Lieutenant Colonel Kemchat Paedkaew told reporters that the dead man was unfamiliar with the area, but instead of devoting his attention on an unknown world (a world that includes 10,000-pound animals), he, judging from the evidence, firmly kept within the sealed and seemingly safe world of his 4000-pound vehicle. There is, of course, a whole Dutch traffic engineering school that has as its primary concern the awareness (or state of mind) of drivers. Cars, it is believed, are built to close you in. Automakers even advertise the peace and quiet that can be enjoyed in their machines. This serenity only increases the disconnection between driver and other drivers, the driver and other worlds. And the more machine there is, the greater the entombment of the driver. SUVs are mini pyramids.
“Elephants don’t come out during the day but they start coming out when it gets dark,” said the lieutenant colonel. The accident happened at dawn. There are two ways of thinking about it. One, the elephant killed the driver in blind rage. Two, the elephant differentiated the animate from the inanimate, the human life from the lifeless car. If two is the case, then let's give it some thought (one tells us nothing but that the elephant was majorly pissed at being hit hard).
The huge animal could have just destroyed the engine, left it at that, and returned to the jungle in a huff. But it seems he/she knew this was not enough.
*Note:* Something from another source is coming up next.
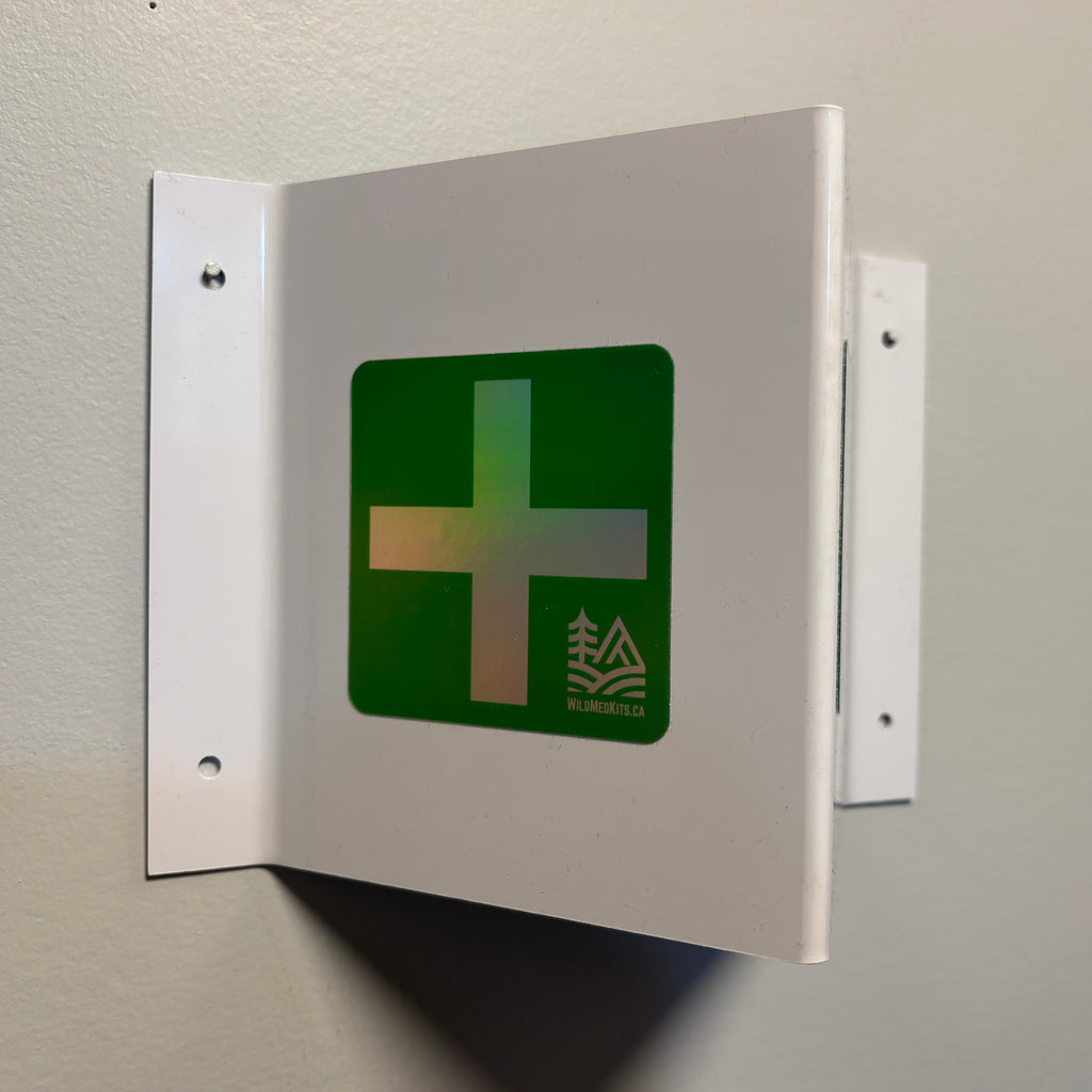 3-Way Projecting Wall Safety Sign: AED, Fire, First Aid Kit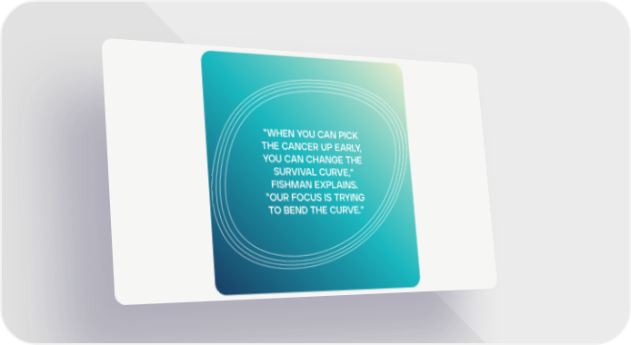 carousel 3 Page 3 “WHEN YOU CAN PICK THE CANCER UP EARLY, YOU CAN CHANGE THE SURVIVAL CURVE,” FISHMAN EXPLAINS. “OUR FOCUS IS TRYING TO BEND THE CURVE.”

The problem wasn't, according to this mad elephant's thinking, just the thing (metal, plastic, rubber) but the human in it (mind, guts, blood). Is it possible that certain animals know us as the animal that is too often using or in things. The animal that wears things, lives in things, moves in things, points things at other animals?
Did the elephant know that the will is not in the motorcar? Think of it this way: human babies can distinguish between toy animals and real ones. They know almost right away what wills and what does not. The child also knows that to will is to feel. Surely an elephant, with its huge brain and many memories and funerals, can also make this important distinction. The car did not hit him/her. This man did. He must die now.
The angry elephant "was guided back into the park and is being looked after by officials there."